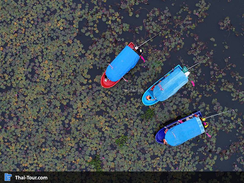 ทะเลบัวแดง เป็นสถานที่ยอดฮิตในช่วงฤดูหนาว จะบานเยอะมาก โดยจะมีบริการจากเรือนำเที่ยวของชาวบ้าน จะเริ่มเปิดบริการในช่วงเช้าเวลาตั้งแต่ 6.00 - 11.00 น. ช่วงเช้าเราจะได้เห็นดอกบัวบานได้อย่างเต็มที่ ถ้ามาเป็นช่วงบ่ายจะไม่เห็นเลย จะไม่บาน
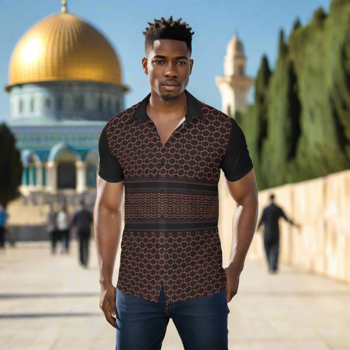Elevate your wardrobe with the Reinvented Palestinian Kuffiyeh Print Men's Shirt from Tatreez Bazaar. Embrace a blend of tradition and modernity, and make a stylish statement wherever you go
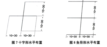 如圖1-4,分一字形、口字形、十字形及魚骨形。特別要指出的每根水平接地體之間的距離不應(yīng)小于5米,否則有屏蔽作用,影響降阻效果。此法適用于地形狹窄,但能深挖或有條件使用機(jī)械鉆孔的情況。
---
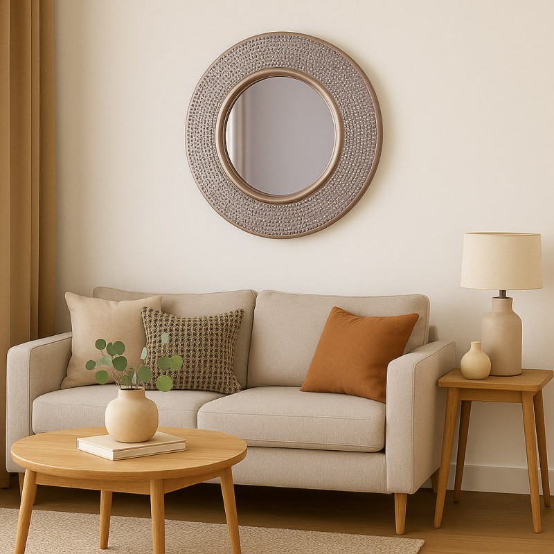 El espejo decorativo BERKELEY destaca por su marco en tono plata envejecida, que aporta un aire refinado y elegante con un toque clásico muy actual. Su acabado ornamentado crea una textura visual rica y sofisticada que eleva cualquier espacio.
---
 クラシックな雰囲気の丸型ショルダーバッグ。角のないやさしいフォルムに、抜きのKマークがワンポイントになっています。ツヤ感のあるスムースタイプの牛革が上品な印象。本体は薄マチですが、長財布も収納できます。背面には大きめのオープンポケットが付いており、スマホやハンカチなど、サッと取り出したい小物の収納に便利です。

About this task: From the records above, transcribe exactly the lines starting at the one containing "Elevate your wardrobe" and ending at the one containing "如圖1-4,分一字形、口字形". Skip the pictures.

Written response:
Elevate your wardrobe with the Reinvented Palestinian Kuffiyeh Print Men's Shirt from Tatreez Bazaar. Embrace a blend of tradition and modernity, and make a stylish statement wherever you go
 如圖1-4,分一字形、口字形、十字形及魚骨形。特別要指出的每根水平接地體之間的距離不應(yīng)小于5米,否則有屏蔽作用,影響降阻效果。此法適用于地形狹窄,但能深挖或有條件使用機(jī)械鉆孔的情況。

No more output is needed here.